By employing first principles density functional theory calculations on thickness dependent structural and electronic properties of (0001) surface slabs of wurtzite MX compounds, our study demonstrated the possibility of the existence of 2D layered materials from II–VI group traditional semiconducting compounds that are widely used in various fields. Our calculations revealed that (0001) surface slabs of wurtzite ZnO and CdO compounds prefer to stabilize as sp² hybridized – atomically thin graphitic layers as observed in earlier work, which are separated by van der Waals distances, when compared to the respective wurtzite slabs.
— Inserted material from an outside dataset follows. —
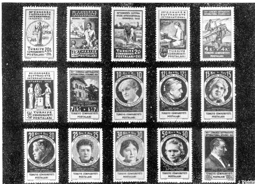
Eine neue türkische Markenserie, entworfen von Kunstmalers Jules Courvoisier.

auf Neußerlichkeiten einen so großen Wert zu legen; doch ist es mit den Jahren noch viel ärger geworden. Meine Frau will nämlich nicht altern, sie will immer noch so schön sein wie vor zehn Jahren. Das ist aber nun doch ein Unding! So steht sie eben fast den ganzen Tag vor dem Spiegel, malt und forrigiert, pinxelt und rasiert an sich herum, daß es ein wahrer Jammer ist! Wie kommt es nun, daß deine Elfriede so hübsch geworden ist?"

On the other hand, for surface slabs of other ZnX and CdX (X = S, Se, Te) compounds, sp³ hybridized bilayers, which comprise an X–Zn(Cd)–Zn(Cd)–X structural arrangement, are energetically stable until certain thicknesses of the slabs. Both 2D layered MO and MX systems are electronically insulating in nature. When increasing the number of layers in these systems, the band gap decreases due to the widening of the energy bands. Our calculations further confirmed that all of these 2D systems possess structural, elastic, and lattice dynamical stabilities, depicting their compatibility in optoelectronics and photovoltaic applications, as confirmed by their effective mass and mobility.